Myocardial injury is defined as an elevated troponin above the 99th percentile upper reference level and is classified into three groups: 1) acute myocardial infarction (MI) in which there is a rise and fall of troponin with at least one elevated value plus symptoms, ECG changes, or imaging suggesting an ischemic etiology; 2) acute nonischemic myocardial injury (NIMI) in which there is a similar rise and fall in troponin but no signs or symptoms of ischemia; and 3) chronic myocardial injury in which there is an elevated troponin but no rise and fall pattern. Acute MI is further defined as Type I with acute plaque rupture or Type II where there is an oxygen supply-demand mismatch. Myocardial injury after noncardiac surgery (MINS) is defined as an elevated troponin with a rise and fall pattern occurring within 30 days of surgery and presumed to be of ischemic etiology but not required to meet criteria for MI.1 Definitions vary somewhat among investigators based on troponin used, specific criteria defining an elevated value, and need for absolute change in levels.2 Troponin elevations can be seen in many conditions, both ischemic and nonischemic (Table 36-1).

FIGURE 36-1

Postoperative Myocardial Injury. Adapted from Cohn SL, Rohatgi N, Patel P, Whinney C. Clinical Progress Note: Myocardial Injury After Noncardiac Surgery. J Hosp Med. 2020 Jul 1;15(7):412-415.

The incidence of MINS varies based on the specific troponin used, the patient group studied, and whether there was systematic or routine screening as opposed to only testing symptomatic patients.3,4 It has been reported to be between 10% and 20% but higher with systematic screening, and as high as 65% using fifth generation hsTnT, depending on variable diagnostic criteria.5,6 Preoperative risk factors for MINS include older age, emergency surgery, heart disease, hypertension, and chronic kidney disease. Intraoperative risk factors include hypotension and tachycardia.
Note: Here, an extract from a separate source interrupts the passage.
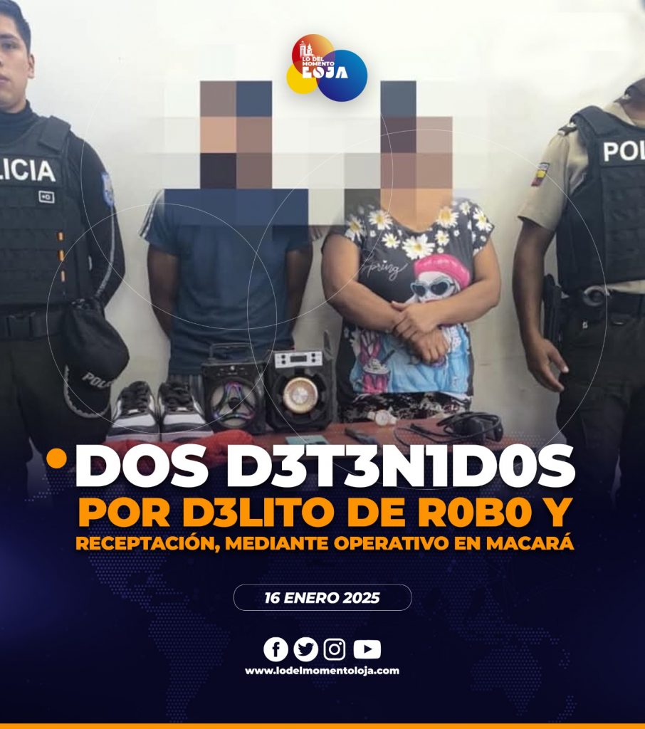 😱🚨👮🏻♂️ ¡A pagar cana! A la altura de las calles Bello Horizonte y Juan Arroyo de la ciudad de Macará, la Policía Nacional, procedió a la d3t3nc1ón de dos ciudadanos por el d3l1t0 de r0b0 y receptación. Esto tras haber ingresado a un domicilio, del cual se sustraen 700 dólares, un cilindro de gas, un reloj, un celular y un parlante.

TABLE 36-1Etiologies of Troponin Elevation

The importance of MINS is that it is associated with an increased 30-day risk of mortality, heart failure, and stroke. The mortality rate ranges from 8% to 13% and increases with increasing levels of troponin.7 Most patients are asymptomatic.

MANAGEMENT

Because there are multiple causes for troponin elevation, MINS cannot be treated as a single entity, and treatment needs to ...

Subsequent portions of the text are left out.